_DIRECTIONS:_ Search the data for the string "made" and copy each line in which it appears.

_AVAILABLE DATA:_

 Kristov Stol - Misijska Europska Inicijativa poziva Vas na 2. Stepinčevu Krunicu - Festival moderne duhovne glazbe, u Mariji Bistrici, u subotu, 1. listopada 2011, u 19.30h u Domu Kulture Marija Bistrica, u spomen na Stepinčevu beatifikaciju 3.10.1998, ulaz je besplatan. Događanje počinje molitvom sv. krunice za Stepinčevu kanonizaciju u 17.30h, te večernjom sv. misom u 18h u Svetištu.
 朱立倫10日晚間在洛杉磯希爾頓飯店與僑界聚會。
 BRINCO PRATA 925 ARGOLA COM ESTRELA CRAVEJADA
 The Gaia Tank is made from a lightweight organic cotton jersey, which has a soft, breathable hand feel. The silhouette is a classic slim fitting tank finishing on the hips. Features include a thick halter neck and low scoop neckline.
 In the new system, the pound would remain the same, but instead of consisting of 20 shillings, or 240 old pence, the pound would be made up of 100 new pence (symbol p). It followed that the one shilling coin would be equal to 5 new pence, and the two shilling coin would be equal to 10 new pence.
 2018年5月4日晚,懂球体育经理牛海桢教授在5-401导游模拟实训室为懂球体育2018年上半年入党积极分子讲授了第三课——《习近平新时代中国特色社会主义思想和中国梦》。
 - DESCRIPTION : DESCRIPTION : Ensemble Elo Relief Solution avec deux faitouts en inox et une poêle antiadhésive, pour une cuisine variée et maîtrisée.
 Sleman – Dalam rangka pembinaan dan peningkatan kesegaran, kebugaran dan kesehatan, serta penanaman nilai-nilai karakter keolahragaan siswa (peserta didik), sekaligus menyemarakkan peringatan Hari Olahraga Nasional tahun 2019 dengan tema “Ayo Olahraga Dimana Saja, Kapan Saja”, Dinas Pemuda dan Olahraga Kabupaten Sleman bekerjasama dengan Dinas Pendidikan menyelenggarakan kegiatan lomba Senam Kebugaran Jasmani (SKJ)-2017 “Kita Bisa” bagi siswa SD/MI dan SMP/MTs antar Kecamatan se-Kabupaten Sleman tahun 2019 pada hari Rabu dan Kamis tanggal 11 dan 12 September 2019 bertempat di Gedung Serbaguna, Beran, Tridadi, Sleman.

_RESULT OF THE EXERCISE:_
 The Gaia Tank is made from a lightweight organic cotton jersey, which has a soft, breathable hand feel. The silhouette is a classic slim fitting tank finishing on the hips. Features include a thick halter neck and low scoop neckline.
 In the new system, the pound would remain the same, but instead of consisting of 20 shillings, or 240 old pence, the pound would be made up of 100 new pence (symbol p). It followed that the one shilling coin would be equal to 5 new pence, and the two shilling coin would be equal to 10 new pence.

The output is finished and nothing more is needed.